§ **Given data**
--- START ---

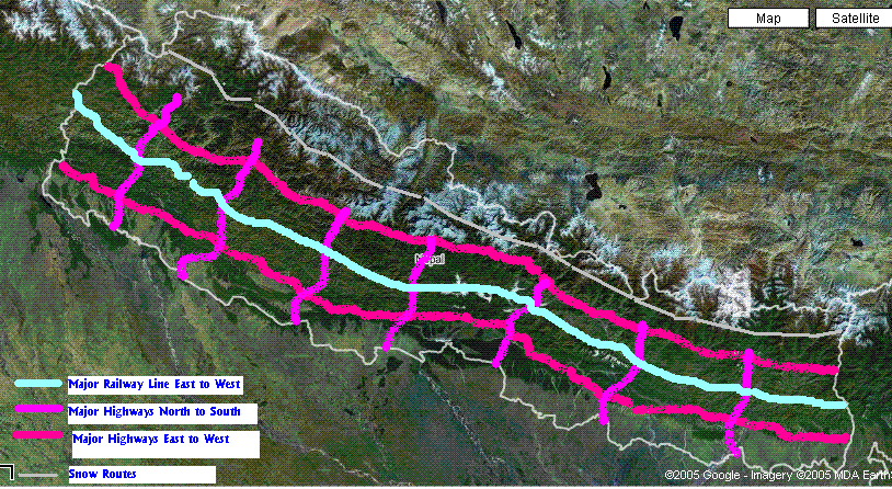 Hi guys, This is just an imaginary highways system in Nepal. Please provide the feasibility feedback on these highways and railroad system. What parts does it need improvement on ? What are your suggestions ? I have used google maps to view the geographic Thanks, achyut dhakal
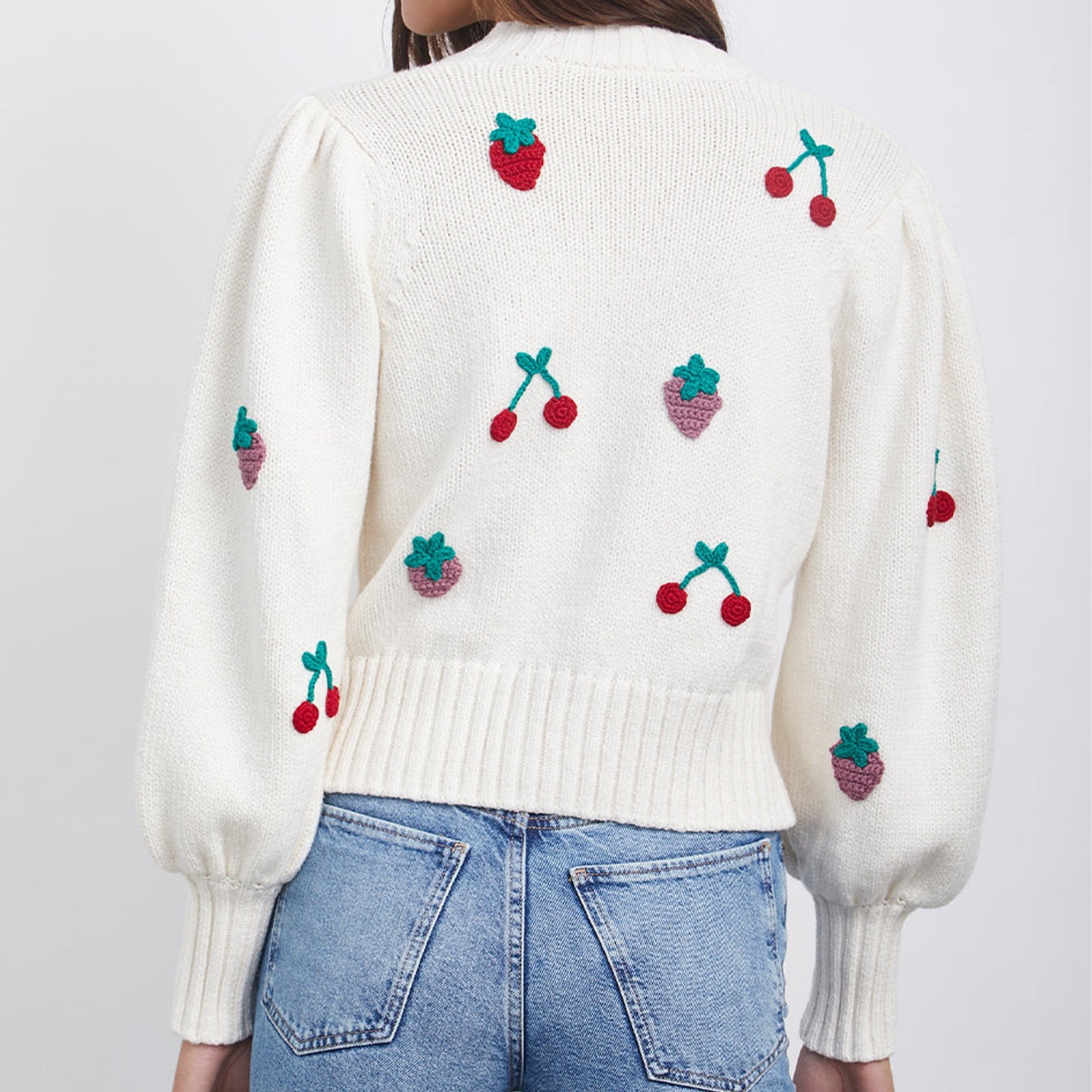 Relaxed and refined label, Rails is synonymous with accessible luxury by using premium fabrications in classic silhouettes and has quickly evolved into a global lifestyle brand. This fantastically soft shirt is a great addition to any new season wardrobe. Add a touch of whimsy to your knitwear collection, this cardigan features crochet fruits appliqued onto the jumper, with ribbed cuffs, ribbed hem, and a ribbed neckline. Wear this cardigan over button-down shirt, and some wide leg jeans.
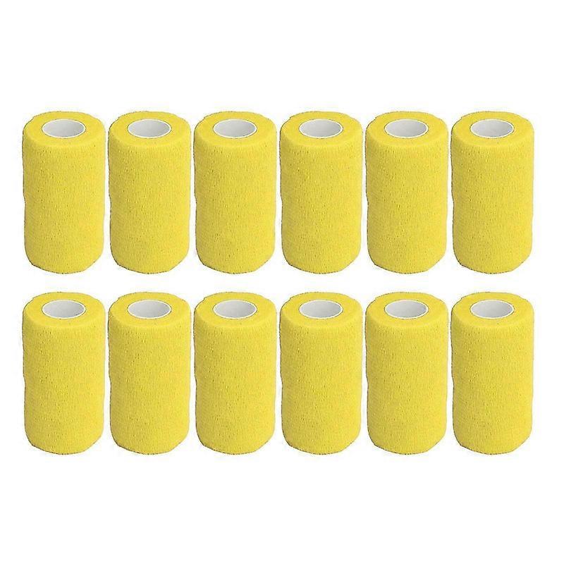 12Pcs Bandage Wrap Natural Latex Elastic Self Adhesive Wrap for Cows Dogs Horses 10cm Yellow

--- END ---

§ **What to produce**
Please copy the data shown above, line by line and exactly, omitting the images.

§ **Task answer**
 Hi guys, This is just an imaginary highways system in Nepal. Please provide the feasibility feedback on these highways and railroad system. What parts does it need improvement on ? What are your suggestions ? I have used google maps to view the geographic Thanks, achyut dhakal
 Relaxed and refined label, Rails is synonymous with accessible luxury by using premium fabrications in classic silhouettes and has quickly evolved into a global lifestyle brand. This fantastically soft shirt is a great addition to any new season wardrobe. Add a touch of whimsy to your knitwear collection, this cardigan features crochet fruits appliqued onto the jumper, with ribbed cuffs, ribbed hem, and a ribbed neckline. Wear this cardigan over button-down shirt, and some wide leg jeans.
 12Pcs Bandage Wrap Natural Latex Elastic Self Adhesive Wrap for Cows Dogs Horses 10cm Yellow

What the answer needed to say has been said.